Sutter’s Hill/House/Café

City Desk IconWith the official arrival of May Day, the crossroads of Spring and Summer, locals flock out to enjoy Sutter’s Hill. Located between two abandoned railway lines—reminders of the city’s competing railroad companies consolidated out of existence long ago—Sutter’s Hill is a steep man-made mount overlooking the beautiful vista of a small man-made “lake” (though, a more accurate term would be pond), a field of soft grass, and a lone pear tree that bears no fruit.

The history of Sutter’s Hill began in the early 1920s, when aluminum heiress Honey Sutter commissioned one of the country’s first multi-story underground homes. Decked out in the finest appointments on the inside, the exterior was hidden by a truck-fleet’s worth of soil, halfway up to the fifth floor. When, in her characteristically impulsive manner, she decided to abandon the city in 1943 to join an air circus, she left the house to the municipality, lock, stock and barrel.

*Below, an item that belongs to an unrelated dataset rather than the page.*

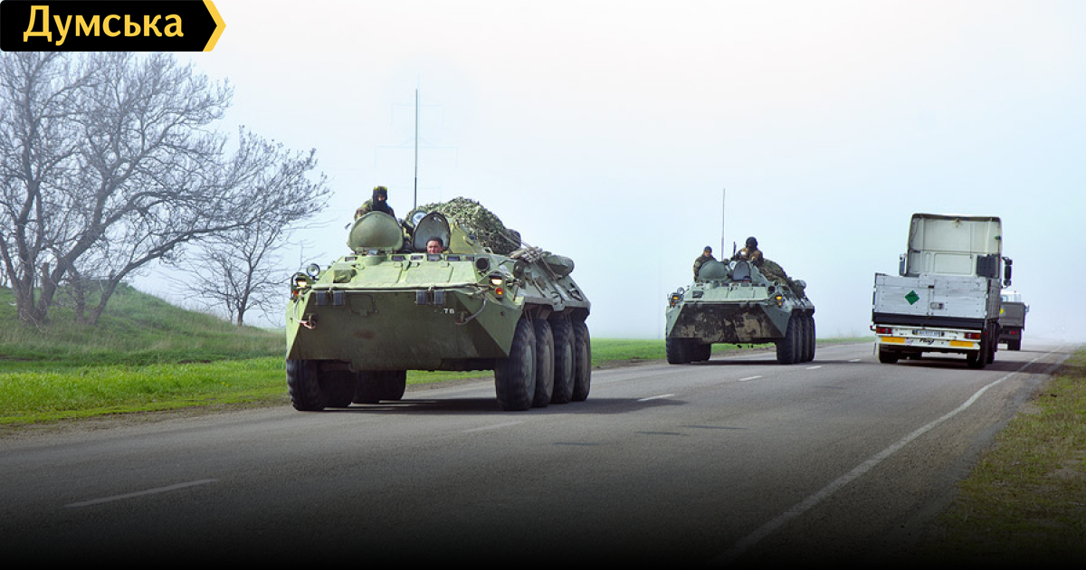 Одну из военных колонн — бронетранспортеры и грузовики — наш корреспондент встретил на границе Донецкой и Запорожской областей.
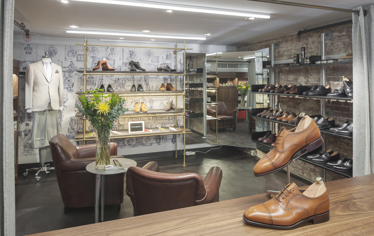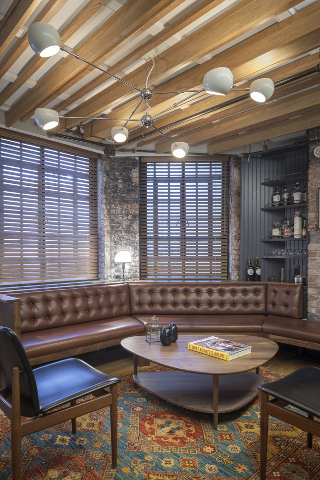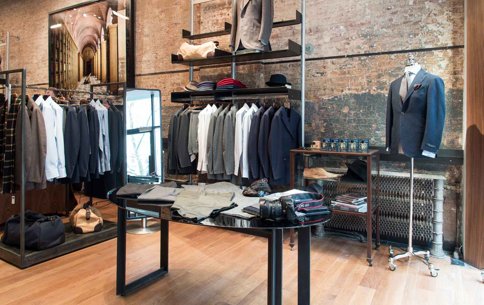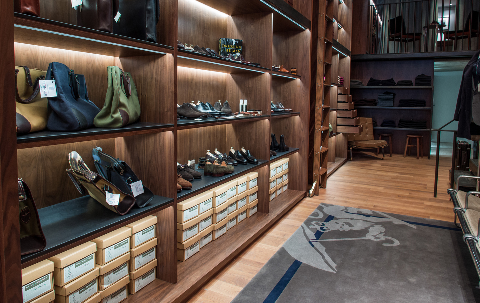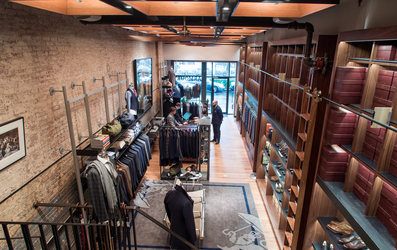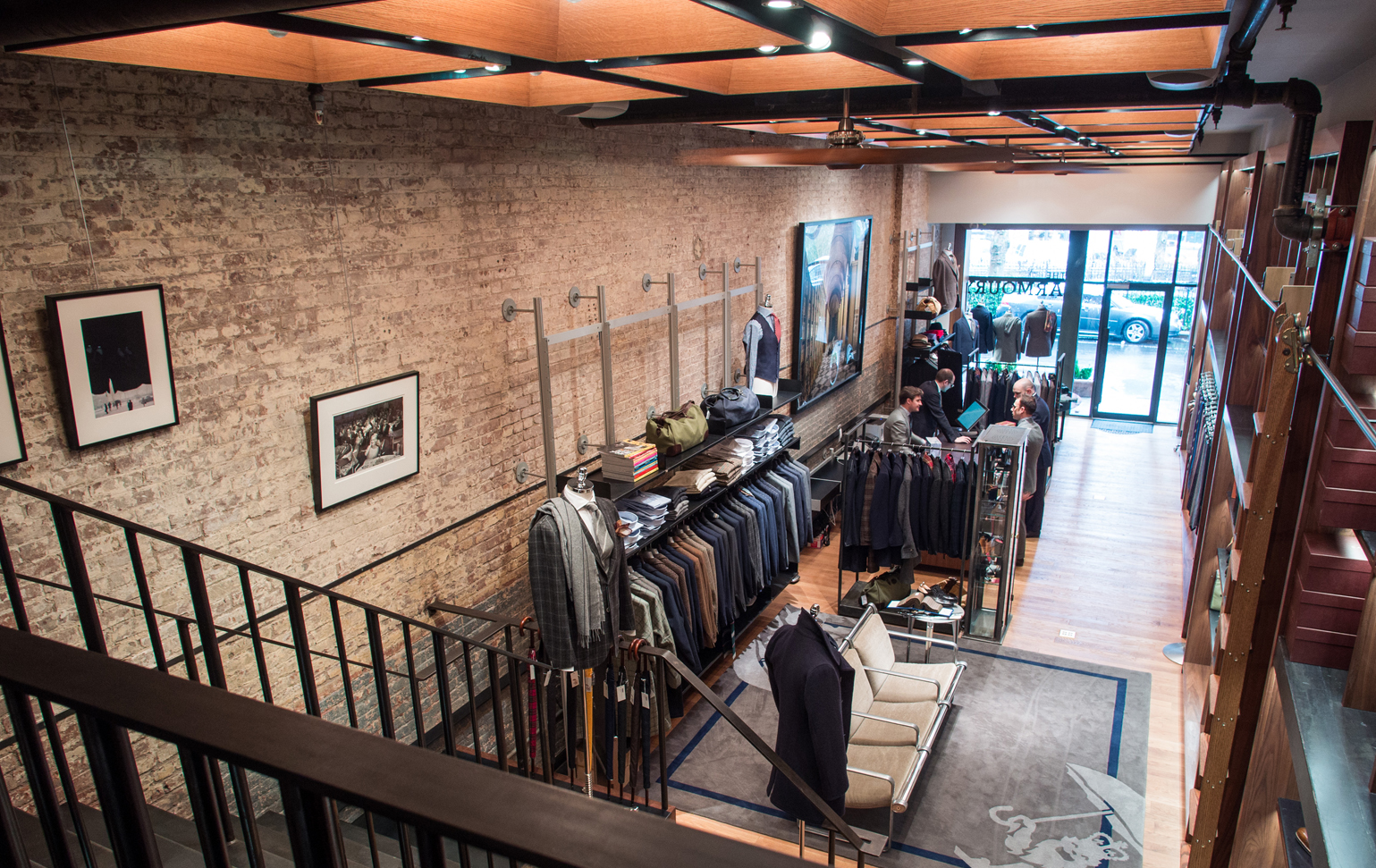 Located in a pre-war building in New York City’s Tribeca area, The Armoury NYC houses three stories of ready to wear and bespoke menswear garments and accessories. Co-designed with my friend and colleague from Rhode Island School of Design, Greg Yang, we created a space that respected the heritage of the building as well as aligning with the brand’s identity. The existing brick wall, wood floors, a NYC manhole and vintage heat radiators were elements that we kept and integrated into the store alongside the signature wall to ceiling walnut cabinets with rolling ladders. Walking across the space under an array of coffer ceilings, a black metal staircase leads to the mezzanine level of the store housing bespoke shoes. Next to a row of changing rooms, stairs leading down to the basement opens into the back of house office, pantry, as well as a private VIP area connected to an open space for cigar breaks. We very much enjoyed designing this space, and if you have the pleasure of visiting the store, we hope you will enjoy the many small details that we put into it.

In a rare episode of foresight, then-Mayor Dalton Worth elected to turn the whole thing into a park. To this day, the bottom four floors are closed and sealed, completely buried under what has ever since been called Sutter’s Hill. In the winter, it serves as one of the city’s best (and steepest) sledding/snowboarding hills, in warmer times as a wonderful lookout spot and place for romantic encounters.

The fifth floor of the house is kept in pristine condition by the collaborative efforts of the Preservation Society and the Historical Property Rights Commission. There are eight rooms in all, some furnished with teak four-poster beds or replica antique vases and faux-cubist paintings. The pseudo-museum also includes a small cafeteria and bakery, in the former upper ballroom and two guest bedrooms.

If you are not too sensitive, your feelings not too tender, the cafe’s sharp-tongued and all-business cooks offer fine delights, including the standard fare of cakes, cookies, kugel and one of the best rice puddings in the country, as declared by Rachel Ray on her traveling food program, $40 a Day (The pudding is $1.50/slab, and rated by the host as “Mmmmph, oh gawd!”).

An oil painting of Ms. Sutter (tragically killed in an airplane crash in 1943) hangs behind the cash register in the cafe. Honey gazes lovingly at the viewer in nothing but a white shirt, her shoulders bathed in her golden curls.